Reese’s and the Bitter Lesson

Many companies find pairing academic researchers and product development incredibly challenging, an oil and water mix. I keep getting surprised by this, because the era of game development I grew up could not have been more driven by the combination of two great tastes that taste great together. Just in rendering, BSPs unlocked high performance 3D graphics, Ed Catmull’s subdivision surfaces transformed both offline rendering (Pixar) and realtime rendering (basically all games today), and NVIDIA’s development of the programmable pipeline meant every graphics researcher was now also a game engine developer porting research to realtime.

It continued at Linden, where we figured out how to closely collaborate with researchers in fluids (Jos Stam’s stable fluids), noise (leading to a delightful conversation with Ken Perlin about what he called “Perlin Noise” when he submitted papers), and IP (Larry Lessig was as responsible as anyone for the critical decision to grant IP rights). I could keep going, the list goes on and on.

So, what happens when you don’t bridge the gap between research and product? First off, you get a lot of products somewhere between “suboptimal” and “lousy.” AI is partially masking this right now because GenAI’s capabilities are so magical and novel. Moreover, the incredible rewards being generated even by the perception of being an “AI researcher” creates all kinds of incentives to not let your pristine research groups get distracted by a bunch of freewheeling hackers doing gross things to their beautiful Python.

There’s even some reason to believe them. The bitter lesson has been a core component of AI for a long time. Basically, that every time we try to make smarter AIs we should have just been figuring out how to apply more compute. As Drew Breunig notes, this thinking is having a moment. Drew’s skepticism echoes my own.

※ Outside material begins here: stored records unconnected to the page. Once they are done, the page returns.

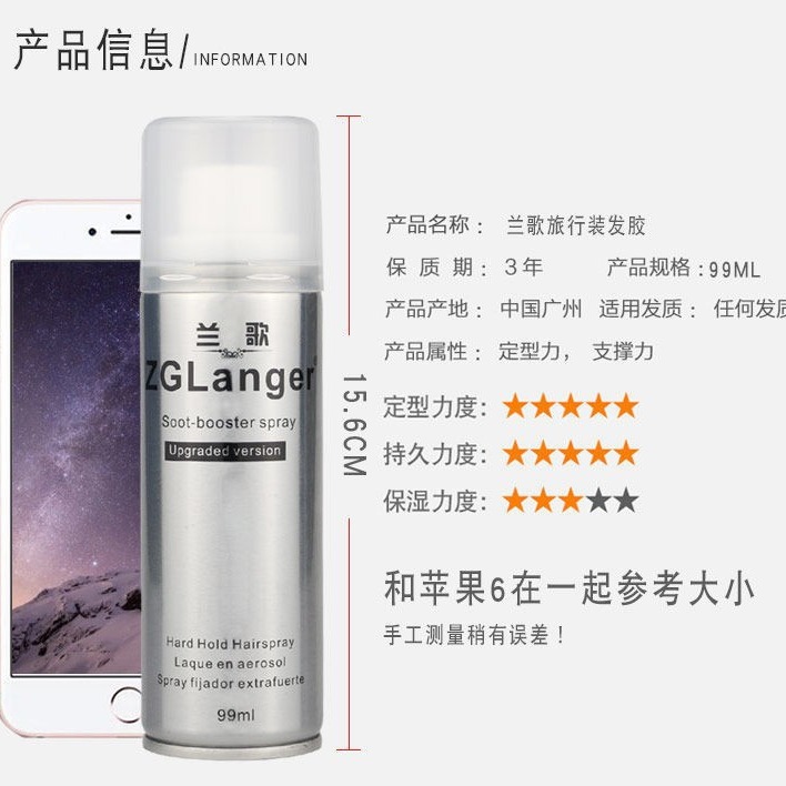 99ml 여행 편리한 스프레이 스타일링 드라이 접착제 항공기 고속철도 남성과 여성 오래 지속되는 푹신한 스타일링 스프레이
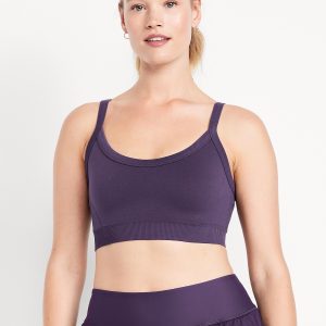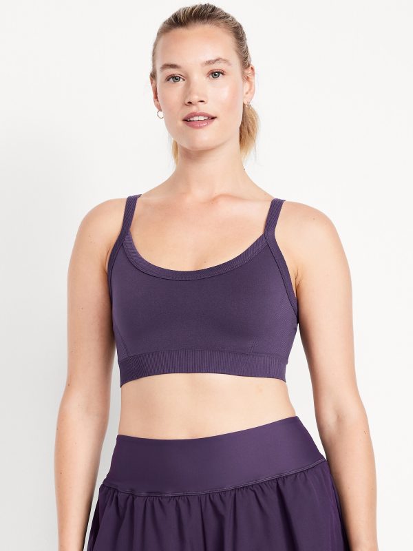 Light Support Fluid Seamless Ribbed Sports Bra: Featuring Fluid Seamless, for breathable, barely-there feels.scoop neck, adjustable straps, #845757
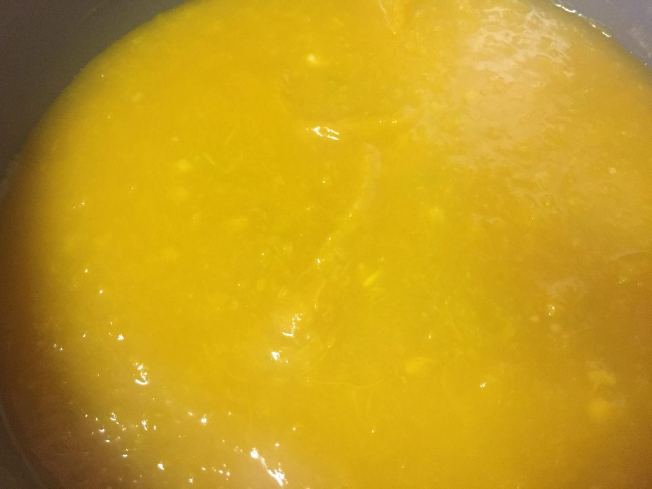 그러면 호박죽이 튀기기 시작하죠.
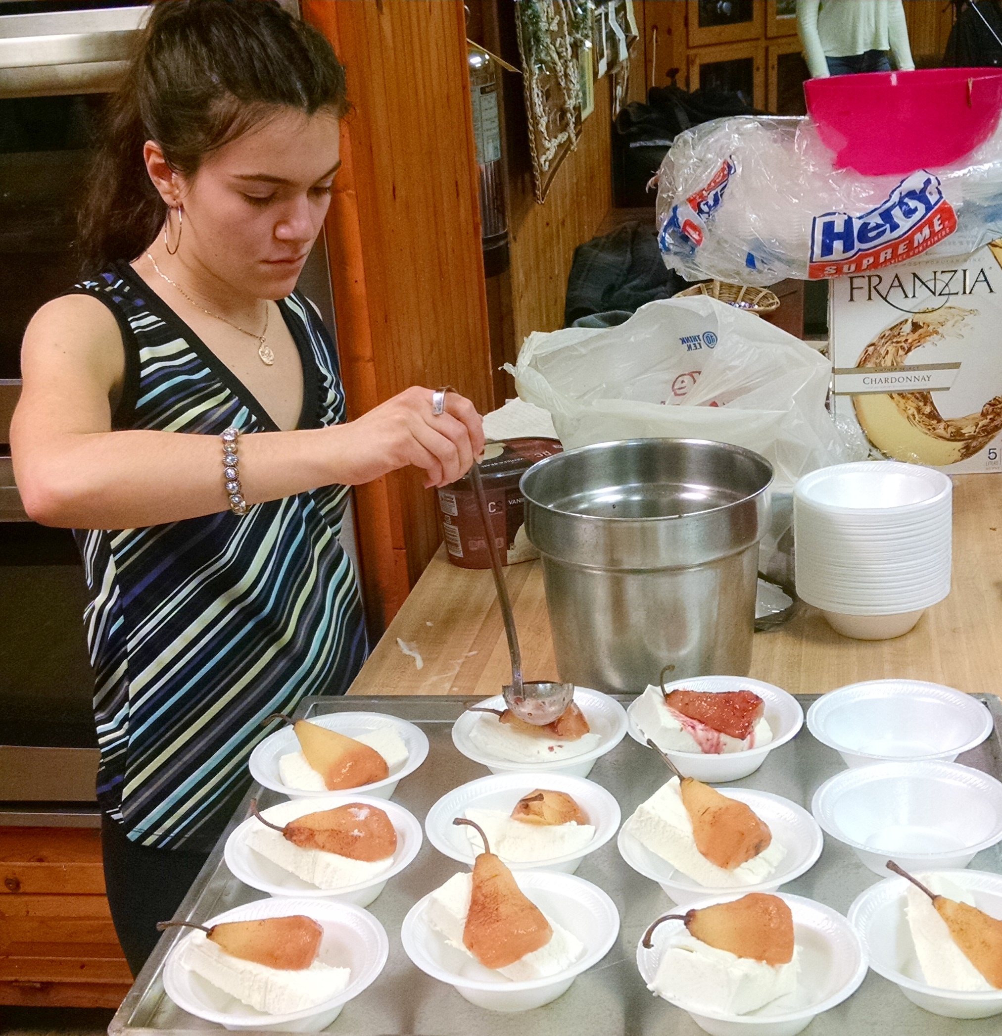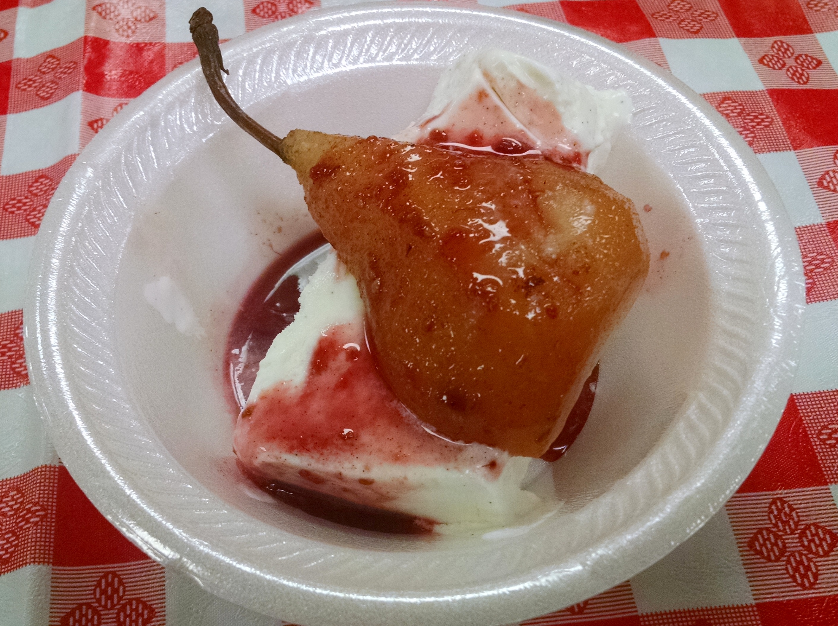 This wonderful meal was topped off with a dessert the members are still talking about. It was pears poached in white wine served on vanilla ice cream topped with raspberry sauce.
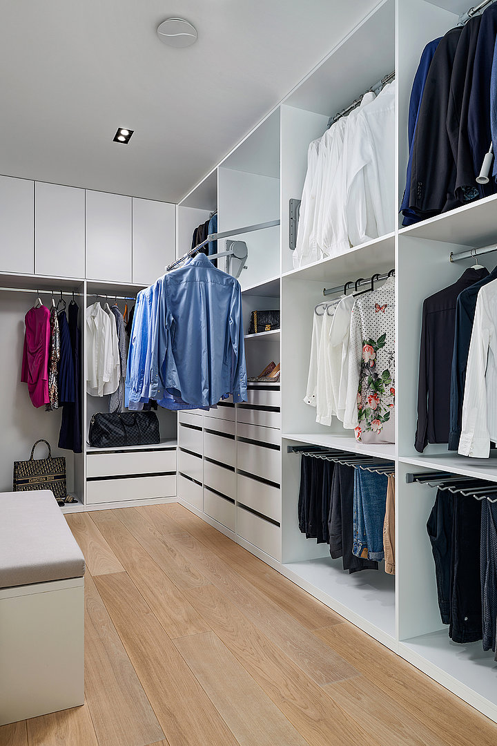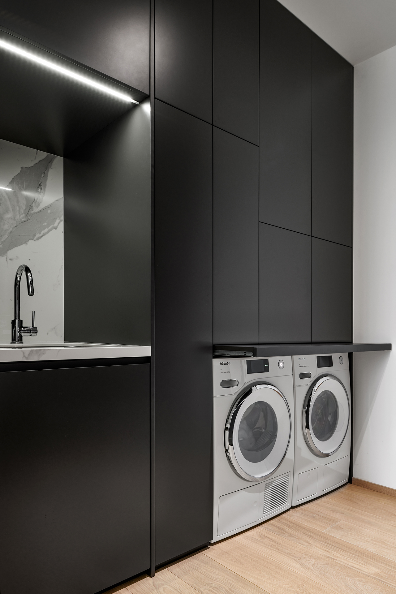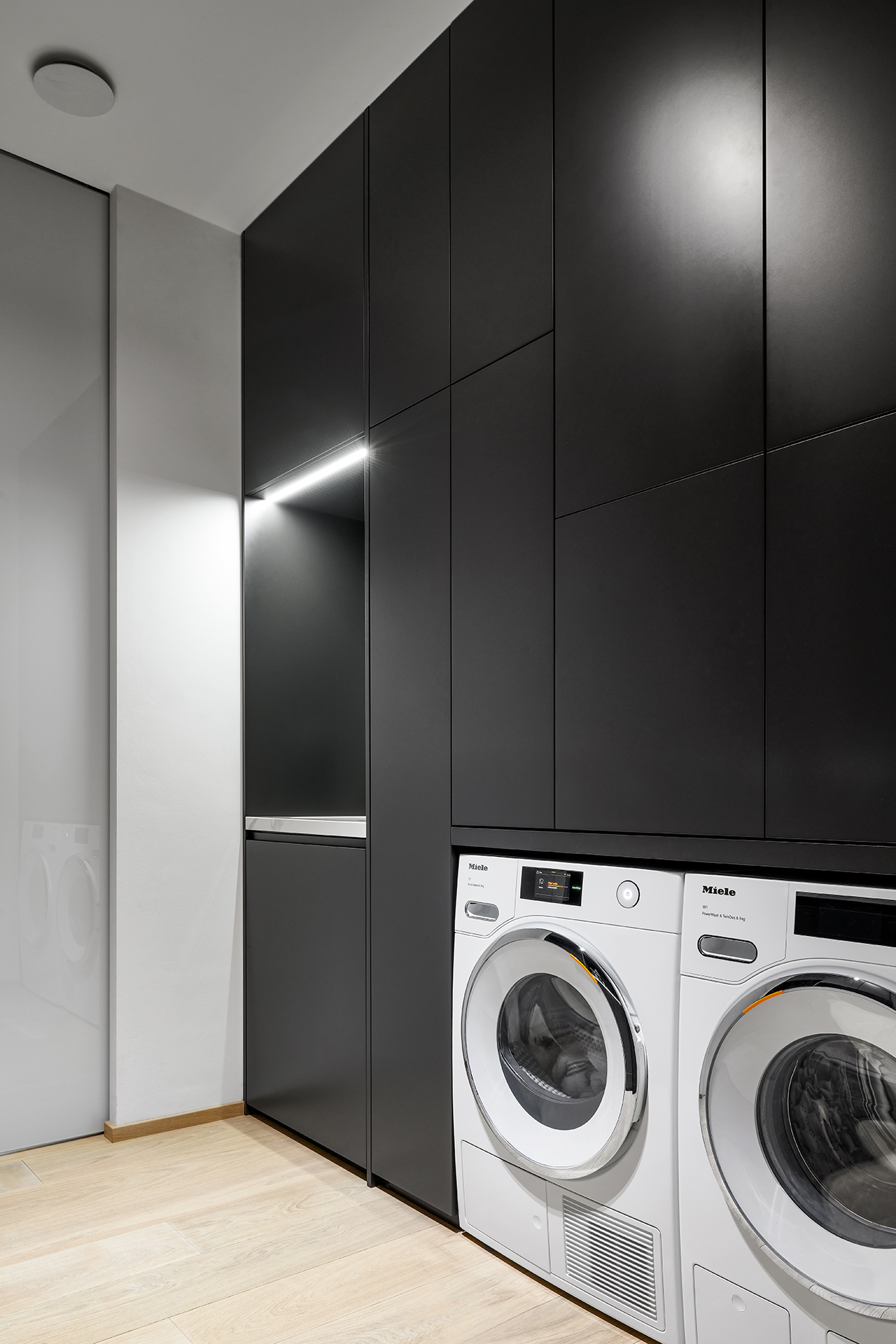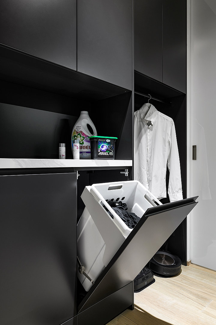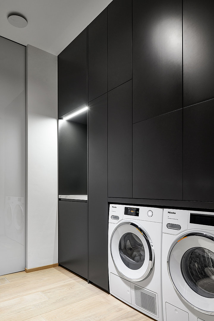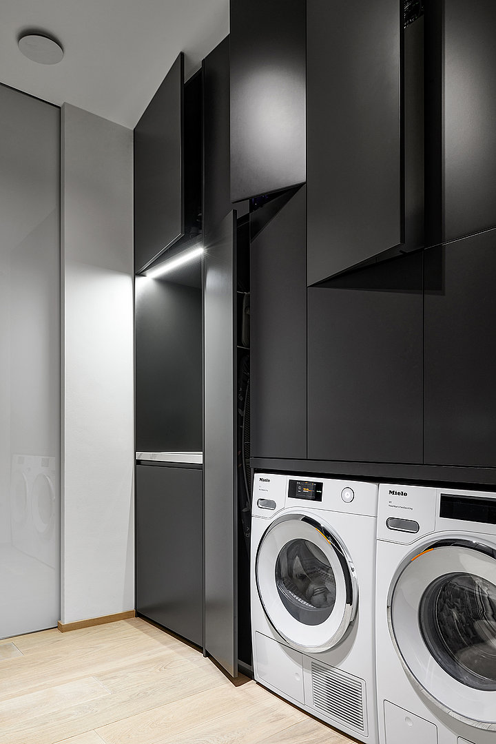 Celý interiér je v provedení prémiové dýhy dub americký carbon + lak mat titan s keramickou deskou a obklady Laminam Statuario Venato. Technická místnost je v provedení lak mat titan. V realizaci byla použita otevřená šatna HARMONY.

We know the bitter lesson applies when we have high quality data and clear ways to measure outcomes. We saw the wins that came first from applying this to larger and larger sets of training data, then from scaling inference time, aka “reasoning.” Will those techniques — and other research techniques — keep accelerating AI? I hope so.

But it would be foolish to dismiss the benefits of truly great, coupled product development alongside all that research. Product developers who deeply understand the strengths, weaknesses, and goals of cutting edge AI research can explore products that can’t possibly exist today. They can play with ideas that will also create novel training sets to continue to improve AI. They’re also more likely to find gross approximations that researchers didn’t even think to try that work.

I was going to write up a hypothetical to try and prove this point, but as Simon Willison notes, AI in China is having an incredible month, export controls and chip limitations be damned. You think they are keeping the hackers separate from the researchers? In all of training, model development, and the products they’re building around the models, we’re seeing an incredible pace of exploration far in excess of what access to computing would predict.

Google, Meta, and everyone else going blank check for AI researchers are going to be setting up very complex operational challenges — and not the obvious ones that come from high pay disparities. Big Tech has been figuring out how to navigate that challenge for 20 years now.

No, the real challenge is that most pure researchers prefer to just work with other pure researchers. It’s comfortable, familiar, and in well run orgs produces real results. Plus, they’ll be able to point to their deals and say “you promised I was part of a lab.” Ironically, many of these same researchers have spun out to startups, trying to combine research and product development, only to boomerang back into R&D labs.

The more researchers and teams do this, the more they will be depriving themselves of the opportunity to move faster, to invent more, and to increase their chances of achieving their ultimate goal of AGI.

We live in interesting times

I’ve always felt transitions are the best time to be building products. AI feels like that times a bazillion. With funding — and stakes — this high, the companies and teams that figure out how to be sustainably better at creating the future are going to win and win big.